A new report has called for London to move towards a new road user charging scheme that charges drivers on a per-mile basis.
The report, Green Light: Next Generation of Road User Charging for a Healthier, More Liveable London, is published by the Centre for London think tank.
It says costs would vary by vehicle emissions, local levels of congestion and pollution and availability of public transport alternatives – and prices would be set before the journey begins.
The scheme would be integrated with London’s wider transport system via a new app and digital platform, which the report proposes would be run by Transport for London.
The scheme, which the report calls City Move, would provide Londoners with more choice about how they travel around the city. City Move would utilise the latest technology to give Londoners all their travel information in one place, allowing them to compare, plan and pay for journeys. Drivers, for example, would be presented with costs and impacts of using their vehicle versus alternative modes of transport.
The report emphasises the need to update the existing system; while the new Ultra Low Emission Zone (ULEZ) is said to be a much-needed environmental measure, it comes on top of the existing Congestion Charge, and proposed charges for the new Silvertown and Blackwall tunnels.
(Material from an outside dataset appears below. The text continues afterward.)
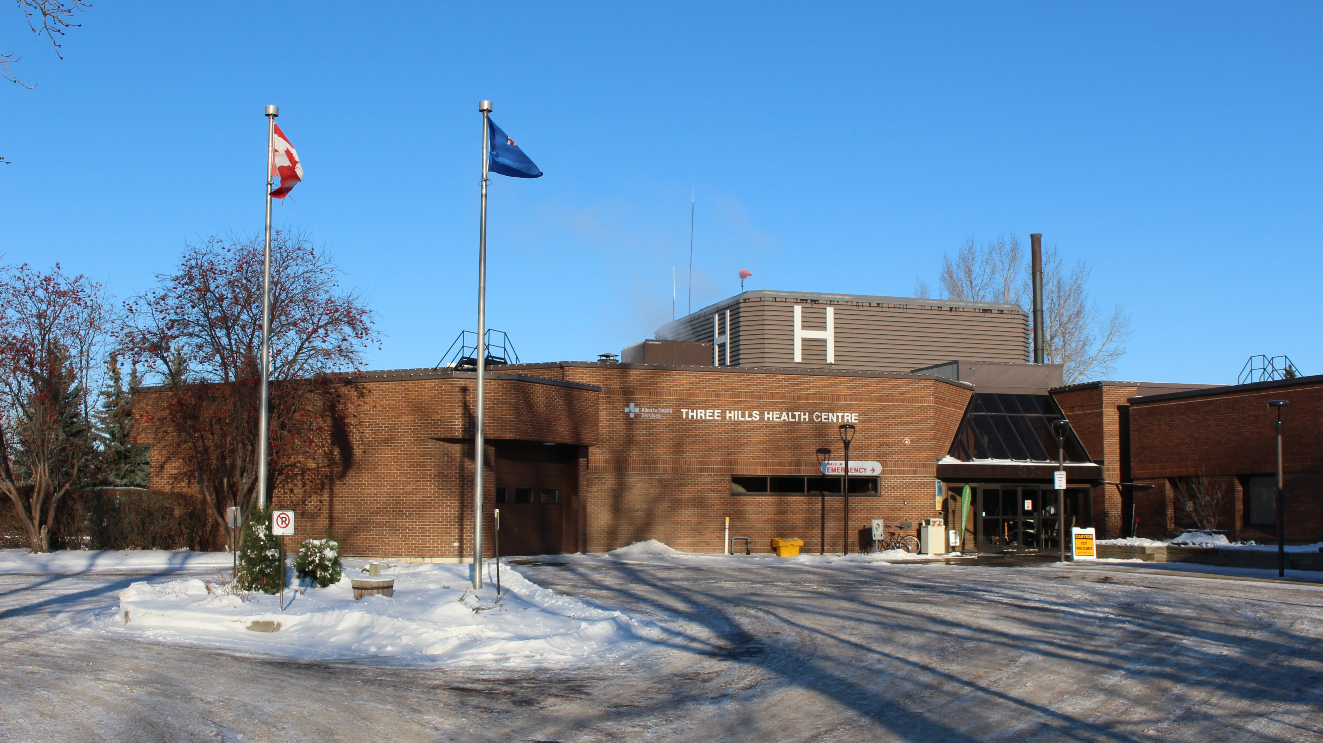 Photos of the Town of Three Hills, and the surrounding rural municipality of Kneehill County. Taken 2012-2014 by RPAP and Jonathan Koch.

It suggests that this means that by 2025, London could have at least five separate road user charging schemes, each featuring different vehicle standards, hours of operation, charge amounts and payment arrangements.
Silviya Barrett, research manager at Centre for London said, ‘The Congestion Charge was pioneering when it was introduced 16 years ago, and the ULEZ is desperately needed to address a growing air quality crisis.
‘But new technologies are rapidly transforming the way people travel – and how they pay for their journeys. It is time for London’s approach to road user charging to keep up with the pace of change.’